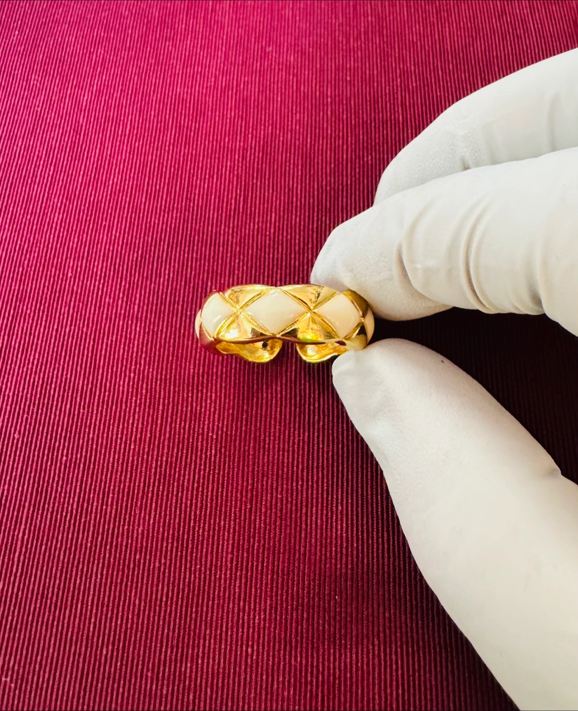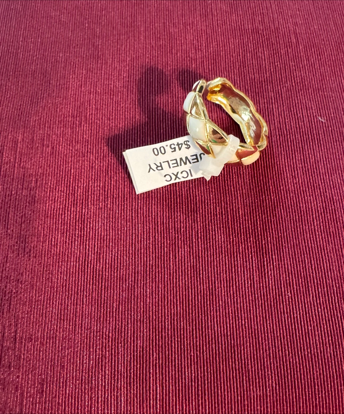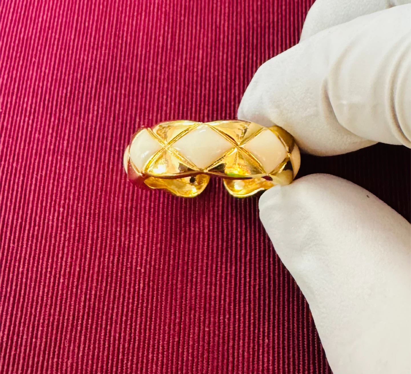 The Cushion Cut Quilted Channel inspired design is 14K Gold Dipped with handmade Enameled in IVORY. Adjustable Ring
○ ○ ○ ○ ○ ○ ○
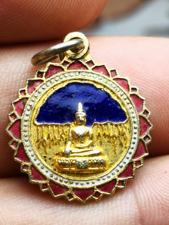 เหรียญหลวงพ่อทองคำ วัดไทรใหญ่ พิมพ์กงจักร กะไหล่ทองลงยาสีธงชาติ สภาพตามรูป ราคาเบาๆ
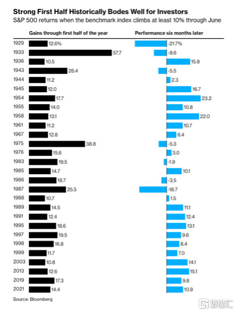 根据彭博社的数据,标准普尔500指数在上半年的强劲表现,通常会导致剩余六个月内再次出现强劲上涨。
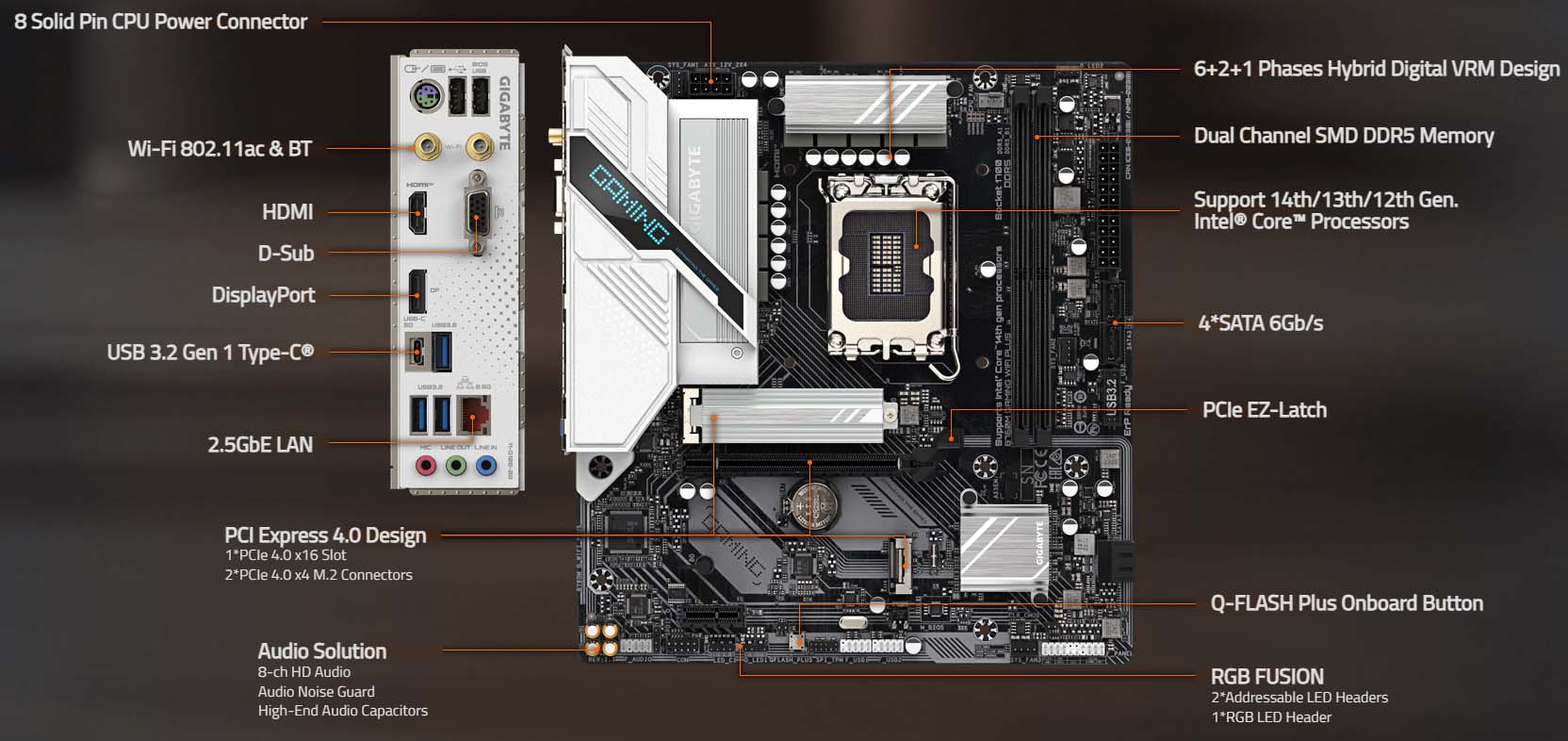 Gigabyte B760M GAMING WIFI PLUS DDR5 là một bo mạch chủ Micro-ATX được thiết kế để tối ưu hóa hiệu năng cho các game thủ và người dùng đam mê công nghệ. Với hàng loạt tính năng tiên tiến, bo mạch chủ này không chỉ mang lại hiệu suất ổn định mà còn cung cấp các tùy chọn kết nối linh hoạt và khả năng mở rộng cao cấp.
○ ○ ○ ○ ○ ○ ○
WHAT THIS TASK INVOLVES :: Within the listing above, print exactly the stretch beginning at the line that contains "根据彭博社的数据,标准普尔5" and finishing at the line that contains "Gigabyte B760M GAMING", ends kept, pictures left out, and nothing more.

WRITTEN ANSWER ::
 根据彭博社的数据,标准普尔500指数在上半年的强劲表现,通常会导致剩余六个月内再次出现强劲上涨。
 Gigabyte B760M GAMING WIFI PLUS DDR5 là một bo mạch chủ Micro-ATX được thiết kế để tối ưu hóa hiệu năng cho các game thủ và người dùng đam mê công nghệ. Với hàng loạt tính năng tiên tiến, bo mạch chủ này không chỉ mang lại hiệu suất ổn định mà còn cung cấp các tùy chọn kết nối linh hoạt và khả năng mở rộng cao cấp.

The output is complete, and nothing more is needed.